For this you will need to get plenty of sleep so that your brain is full of energy and ready to assess the pax at each pickup. 

Be sure to have snacks, water, sodas, multiple phone chargers, magazines, dvd player, WiFi hotspot, mini fridge, first aid kit, allergy pen, gum, mints, and moist towelettes to accompany the sea food dinner you have already prepared. Also, have a second entree choice in case your pax is allergic to seafood, possibly a vegan choice as well. 

If you can prepare your passengers' taxes while driving, it would go well in obtaining that coveted five star. 

When the pax exits your Nissan Sentra, be sure to go ahead and grovel some. Offer them five dollars in cash just to let them know that you do not, in any way, consider yourself to be on the same level as them and the rest of mankind. Let them know, in no uncertain terms, that you are sub-human. 

Remember: It is all about the wow factor. Think of American Idol and how some singers come out and impress the judges and get the good reviews. This is what our pax want. We must make them laugh, cry, feel good, whatever it takes. When they get out of your car, they have had an epiphany and they are ready to conquer the world for they truly are masters of the universe... and we must recognize this.


----------



## DC_Uber_Lyft_Driver (Sep 2, 2014)

lol

Good post.


----------



## DC_Uber_Lyft_Driver (Sep 2, 2014)

I was thinking of playing this during the rides. Might bring in some extra tips too.

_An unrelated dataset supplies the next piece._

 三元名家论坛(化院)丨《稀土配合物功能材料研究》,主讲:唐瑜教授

http://www.amazon.com/dp/B004U5E0JS/?tag=ubne0c-20


----------



## puber (Aug 31, 2014)

Alternatively, you can buy "Hacker's guide for Dummies", hack into uber database and install a programm that changes all your ratings to five. 
Pay attention to mundane details.


----------



## scrurbscrud (Sep 11, 2014)

why in the hell does Uber even take chances allowing paying passengers to be rated anyway. just take their damn $$$ and move on. 

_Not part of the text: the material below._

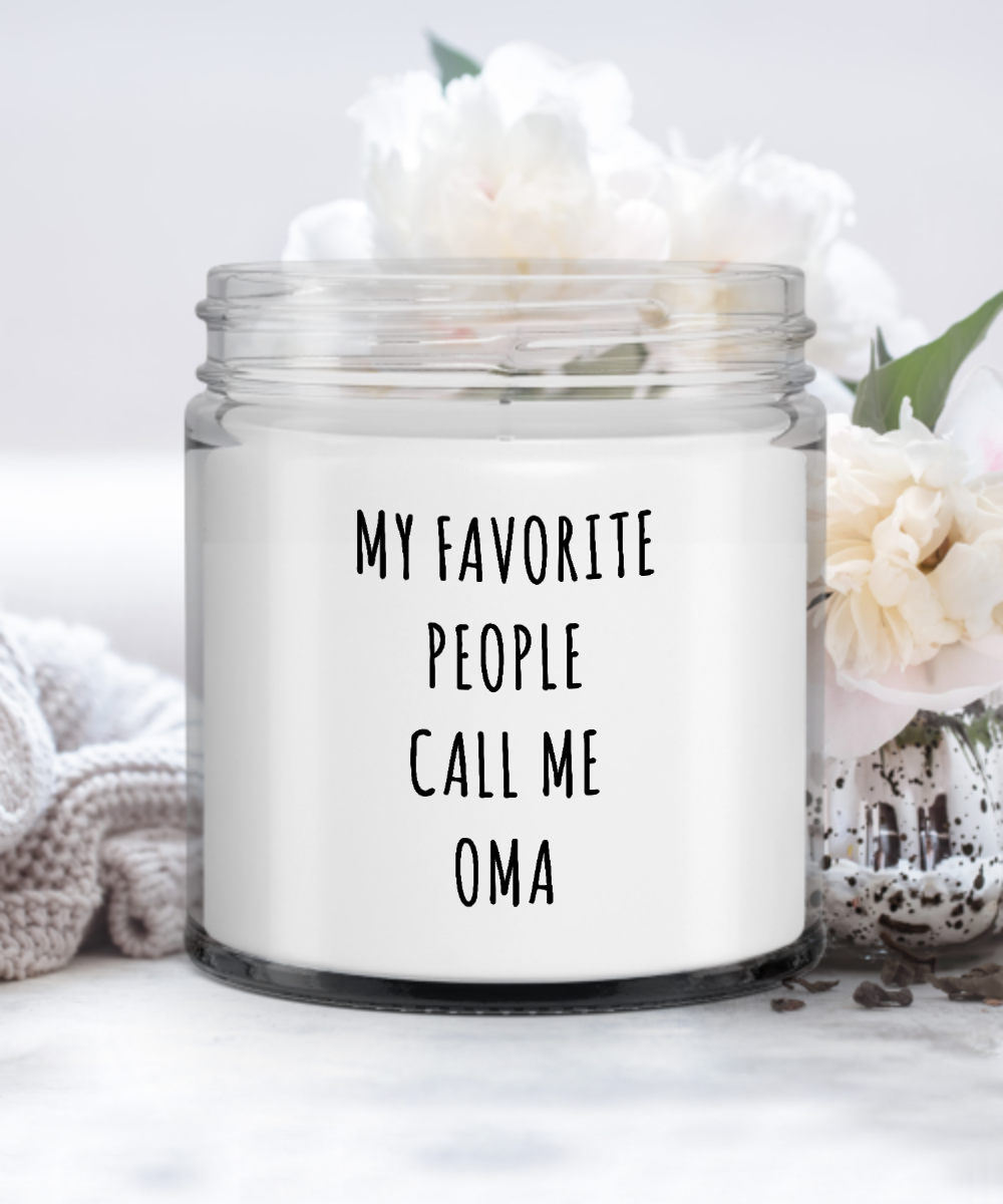 Oma Gift My Favorite People Call Me Oma Candle Vanilla Scented Soy Wax Blend 9 oz. with Lid

Shitty $$$ and friendly $$$ all counts the same in the end


----------



## Tommyo (Aug 18, 2014)

no kidding...


----------



## Greg (Sep 30, 2014)

most low star retings comes from lowlife demandind to be treated like kings. I don't treat my pasengers diferently.


----------



## uberfool (Sep 1, 2014)

I wear a low cut top when driving. 5 stars from men all the time.


----------



## Greg (Sep 30, 2014)

low cut on my chest won't do much


----------



## Emmes (Aug 27, 2014)

Then you are an "uber fool". lol


----------



## UL Driver SF (Aug 29, 2014)

It will never work. He forgot a well stocked selection of opiates and oxy.


----------



## Greg (Sep 30, 2014)

yes i'm not


----------



## uberfool (Sep 1, 2014)

Emmes said:


> Then you are an "uber fool". lol


Gotta do something since the rate cuts. Gets me some tips and 5 stars. I would sing for people, but then I might get too many 1 stars and be deactivated.


----------



## Emmes (Aug 27, 2014)

It might get you more than tips and stars ... js


----------



## Greg (Sep 30, 2014)

that will be a loss


----------



## Manja42 (Sep 29, 2014)

One of the funniest things I've read in a long time. Must have also read my mind. Well done.


----------



## UL Driver SF (Aug 29, 2014)

uberfool said:


> I wear a low cut top when driving. 5 stars from men all the time.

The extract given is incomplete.